査察前の掃除
【本文】
中央査察まで二日。
地域網では、通路をきれいにし、壊れた箱を隠そうという提案が出た。整った施設を見せれば、徴発を減らせるかもしれない。
拓郎は反対した。物資が足りているように見せても、不足しているように見せても、実態と違えば後で帳簿が崩れる。
清掃は普段の衛生範囲だけ行い、故障、事故記録、空の棚もそのまま見せる。危険区域は隠すのではなく、理由と入場条件を掲示する。
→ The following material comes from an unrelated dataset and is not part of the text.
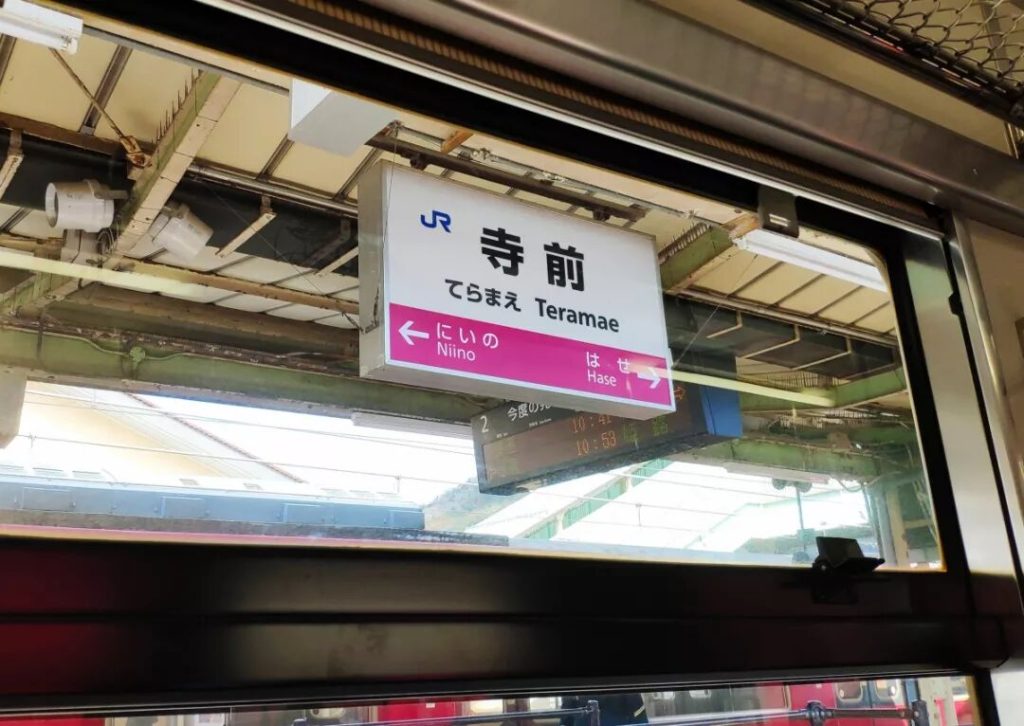 換乘JR播但線(寺前方向各停),11站大概50分鍾的時間,在寺前站進行第二次換乘。

湊の氏名と寝床、子ども区画、患者原本は査察対象から外す。県庁の相馬へ、見せる資料と見せない資料の一覧を事前送付した。
査察員の安全も準備する。迷宮内では単独行動禁止、冠位個体へ触れない、設備命令を入力しない、撮影は区画ごとの許可制。
長谷川誠は、隠さないなら中央に全部奪われると心配した。安西は、出せない理由と出せる代替を同じ机へ並べると答える。
生活班は待機箱を普段どおり洗い、休息中のスライムを仕事へ戻さなかった。
質問票の写しも共有し、説明担当が変わっても回答が変わらないようにした。
査察のためだけに健康な町を演じれば、査察が終わる前に町の方が壊れる。
資料の説明役にも休憩を入れた。湊だけが全区画を案内すれば、所有者一人で町が動くという誤解を強める。食料は千鶴、水は奈々、医療は由香、体育館は拓郎、生活班は担当住民が説明する。答えられない質問には、その場で推測せず「確認後回答」と書く。査察官が空欄を拒否と解釈しないよう、回答期限と担当者を添えた。見せない資料にも、拒否ではなく目的外、本人同意なし、保管設備不足と理由を付けた。